Striped Raphael Catfish? Possibly, they only get 6 inches but are considered semi-aggressive and eat anything smaller than themselves usually


----------



## CinBos (Feb 23, 2012)

Andarial said:


> Striped Raphael Catfish? Possibly, they only get 6 inches but are considered semi-aggressive and eat anything smaller than themselves usually


I did see those, and they have caught my eye. But I did also see they they only got around 5-6inches. Is there any catfish with the body style like an ID or Columbian Shark that doesnt require brackish water, and doesnt get 2 feet long?

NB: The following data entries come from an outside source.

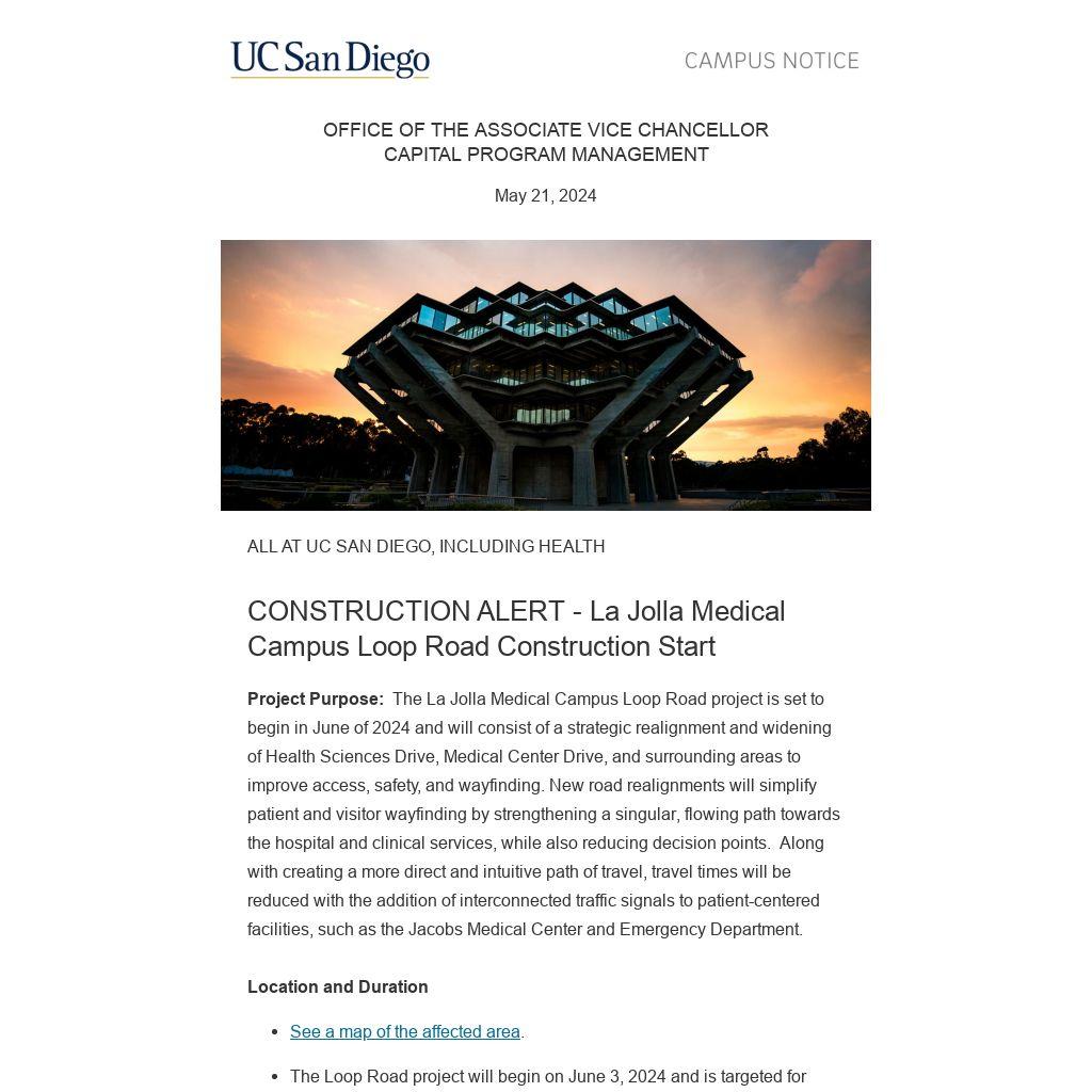 Project Purpose: The La Jolla Medical Campus Loop Road project is set to begin in June of 2024 and will consist of a strategic realignment and widening of Health Sciences Drive, Medical Center Drive, and surrounding areas to improve access, safety, and wayfinding. New road realignments will simplify patient and visitor wayfinding by strengthening a singular, flowing path towards the hospital and clinical services, while also reducing decision points. Along with creating a more direct and intuitive path of travel, travel times will be reduced with the addition of interconnected traffic signals to patient-centered facilities, such as the Jacobs Medical Center and Emergency Department.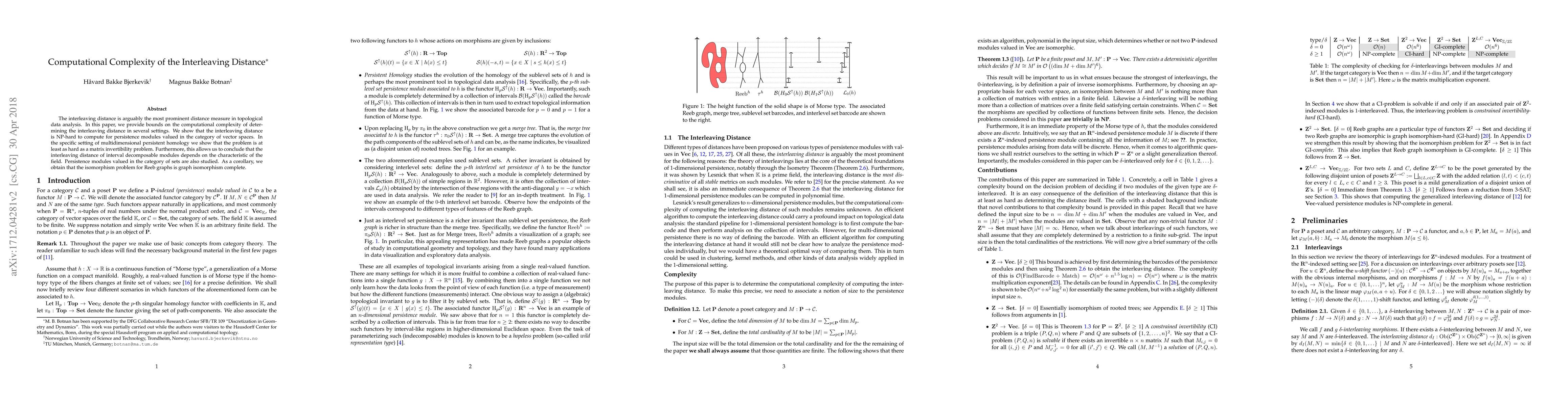 This paper investigates the computational complexity of determining the interleaving distance in topological data analysis, proving it to be NP-hard for vector space valued persistence modules and relating it to matrix invertibility in multidimensional persistent homology. It also shows that the interleaving distance of interval decomposable modules depends on the field's characteristic.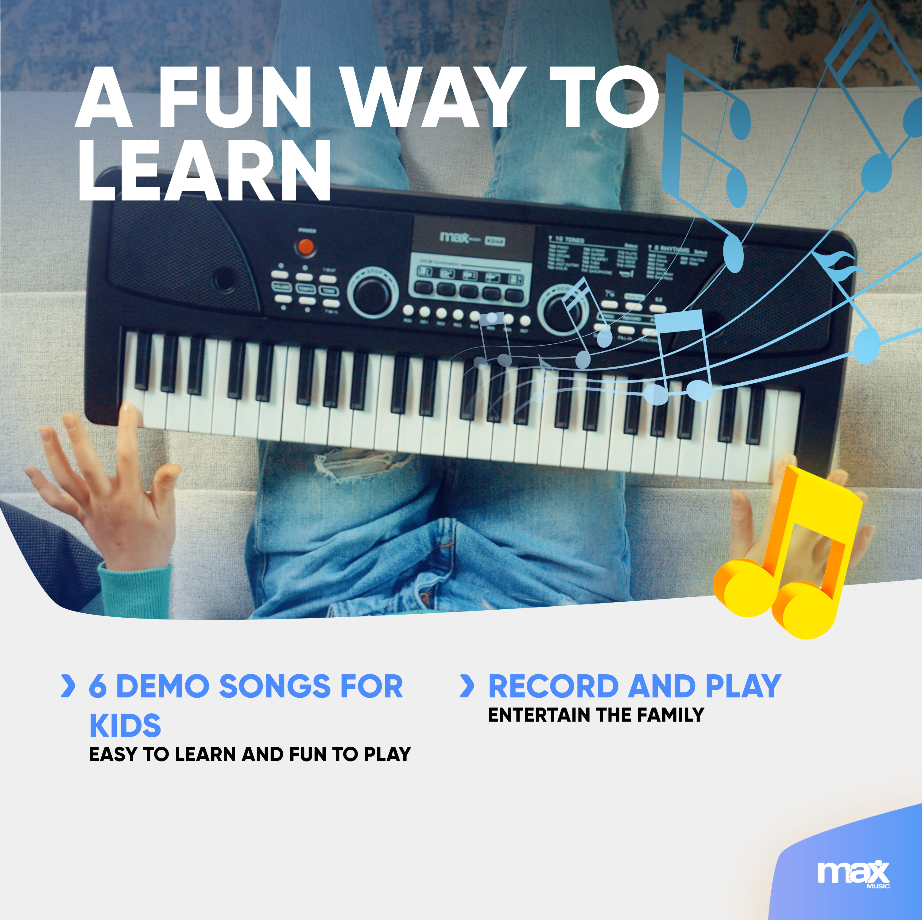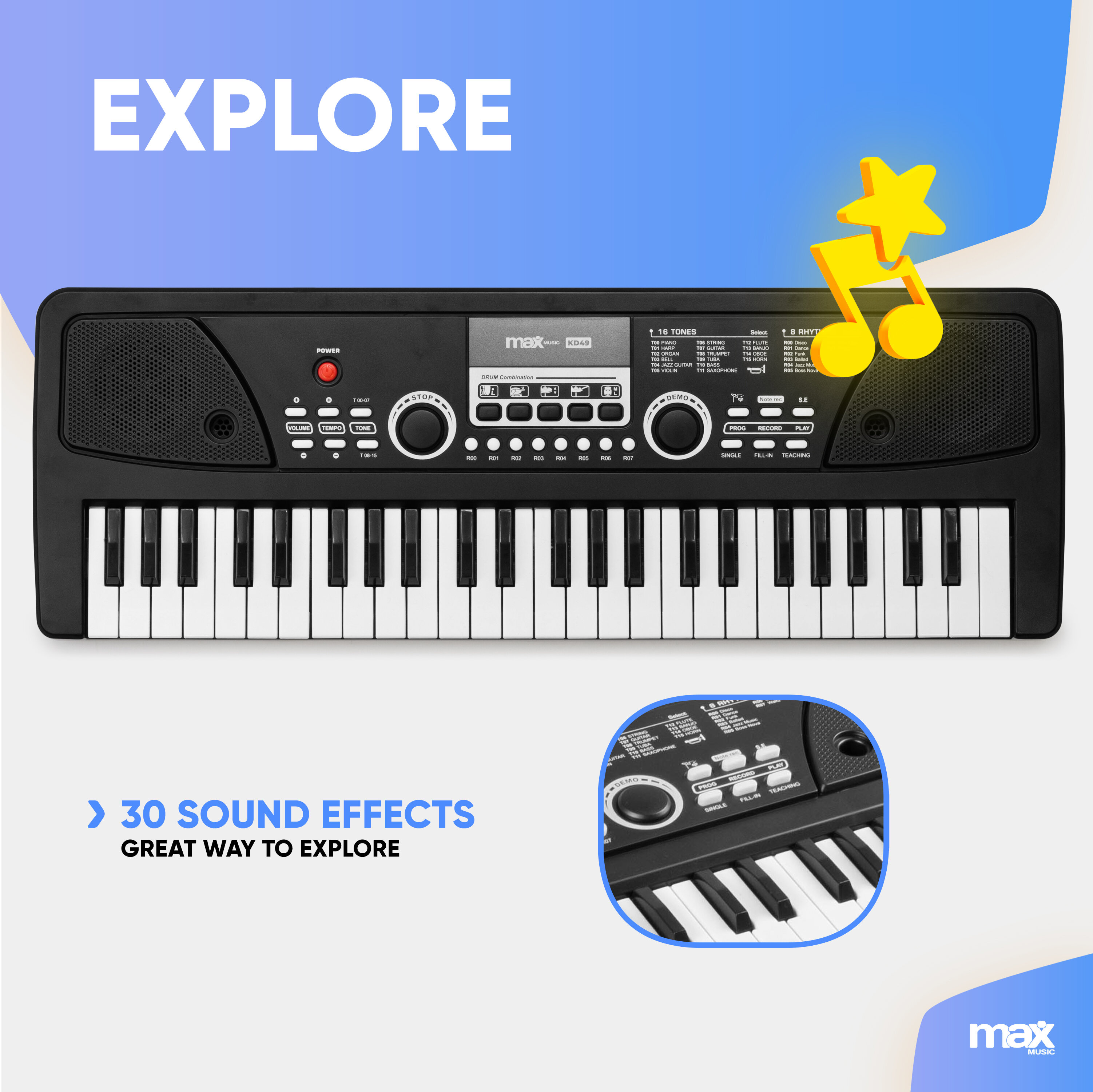 Max KD49 elektroniskt Keyboard, 49-tangenter med batteri, Svart

And before someone mentions it, I do realize that a fish with that girth is going to create waste, just like a Pleco, just prefer something that is a bit more active than a pleco.


----------



## CinBos (Feb 23, 2012)

Sorry dont mean to be too picky, just had this specific immage in my head.


----------



## Adamson (Feb 5, 2012)

Get a Red Tail man.


----------



## thekoimaiden (Oct 19, 2011)

Adamson said:


> Get a Red Tail man.


Red tailed catfish fall into the "tankbuster" category and will need an aquarium in excess of few thousand gallons when fully grown. This is not a good fish for the home aquaria. If Jeremy Wade catches it on River Monsters, it's not a good fish for you to keep. :lol: 
Phractocephalus hemioliopterus (Red-tail Catfish) - Seriously Fish 
To read more about the tankbuster problem: 
Where do all those big fish keep going? | Blog | Practical Fishkeeping 
Will you support The Big Fish Campaign? | Blog | Practical Fishkeeping

What about a walking catfish? Just taking a look through our profiles looking for red tailed catfish I found them. Maybe just try typing in "catfish" to our profiles and see what comes up. I've found a bunch of things like that. Or try the advanced search feature at Seriously Fish (Advanced Search - Seriously Fish) You can search by all kinds of things including length and family.


----------



## Maxillius (Sep 27, 2011)

Hi the royal farlowella gets 8+ inch and a group of 4 would be perfect for your aquarium as they like to live in groups , they are also excelent cleaners and will eat anything , from flakes to frozen foods to zuccinies they also look awsome! in my aquarium profile its the one on the sword leaf you can probably get better pictures on the net!


----------



## Byron (Mar 7, 2009)

Yes, i was thinking in the "Royal" line too. There are larger whiptails (Rineloricaria, the species in our profiles is the smallest and thus suitable for more home aquaria but there are larger) and the Sturisoma (Farlowella-like) species.


----------



## CinBos (Feb 23, 2012)

What about the Eclipse Catfish? Anyone kept these or know about them?
_Posted via Mobile Device_


----------



## thekoimaiden (Oct 19, 2011)

It seems they are more commonly called sun catfish. I thought I saw them at Petsmart once. Here is what seriously fish has to say about them: Horabagrus brachysoma (Sun Catfish) - Seriously Fish 

Have you checked out Planetcatfish.com?


----------



## CinBos (Feb 23, 2012)

I think I'm going with small school of Pictus catfish, though a little more expensive than most catfish, I get the look I'm going for plus more of them. Appreciate the help everyone, also digging the website you gave me.
_Posted via Mobile Device_


----------



## Catfishkeeper1965 (5 mo ago)

CinBos said:


> What about the Eclipse Catfish? Anyone kept these or know about them?
> _Posted via Mobile Device_


Yes I have they are pretty neat catfish and usually get 10-14 inches but they also have a habit of eating tankmates small enough enough to fit in their mouth


----------



## Catfishkeeper1965 (5 mo ago)

So I am getting 125 gallon tank and need an idea for some native species of fish to put in it I live in Kentucky and was wondering if maybe some of you guys had ideas


----------